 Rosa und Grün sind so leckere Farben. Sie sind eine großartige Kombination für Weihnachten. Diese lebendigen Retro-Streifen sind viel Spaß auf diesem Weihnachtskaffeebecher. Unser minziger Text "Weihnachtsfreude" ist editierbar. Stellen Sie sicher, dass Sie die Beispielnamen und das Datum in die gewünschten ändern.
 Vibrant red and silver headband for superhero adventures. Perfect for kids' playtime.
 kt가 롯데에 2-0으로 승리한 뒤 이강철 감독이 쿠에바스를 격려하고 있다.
---
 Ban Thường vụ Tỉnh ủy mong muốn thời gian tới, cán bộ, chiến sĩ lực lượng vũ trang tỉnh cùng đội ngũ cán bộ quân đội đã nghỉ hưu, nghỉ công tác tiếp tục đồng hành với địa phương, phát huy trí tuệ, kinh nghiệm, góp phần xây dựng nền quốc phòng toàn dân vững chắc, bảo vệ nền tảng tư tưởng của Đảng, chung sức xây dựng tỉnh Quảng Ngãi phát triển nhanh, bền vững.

Task directions:
Word for word, restate the lines above from the line containing "Rosa und Grün" through the line containing "kt가 롯데에 2-0으로 승리한 뒤 이강철 감독이 쿠에바스를 격려하고 있다.", with both included and nothing else.

Response:
 Rosa und Grün sind so leckere Farben. Sie sind eine großartige Kombination für Weihnachten. Diese lebendigen Retro-Streifen sind viel Spaß auf diesem Weihnachtskaffeebecher. Unser minziger Text "Weihnachtsfreude" ist editierbar. Stellen Sie sicher, dass Sie die Beispielnamen und das Datum in die gewünschten ändern.
 Vibrant red and silver headband for superhero adventures. Perfect for kids' playtime.
 kt가 롯데에 2-0으로 승리한 뒤 이강철 감독이 쿠에바스를 격려하고 있다.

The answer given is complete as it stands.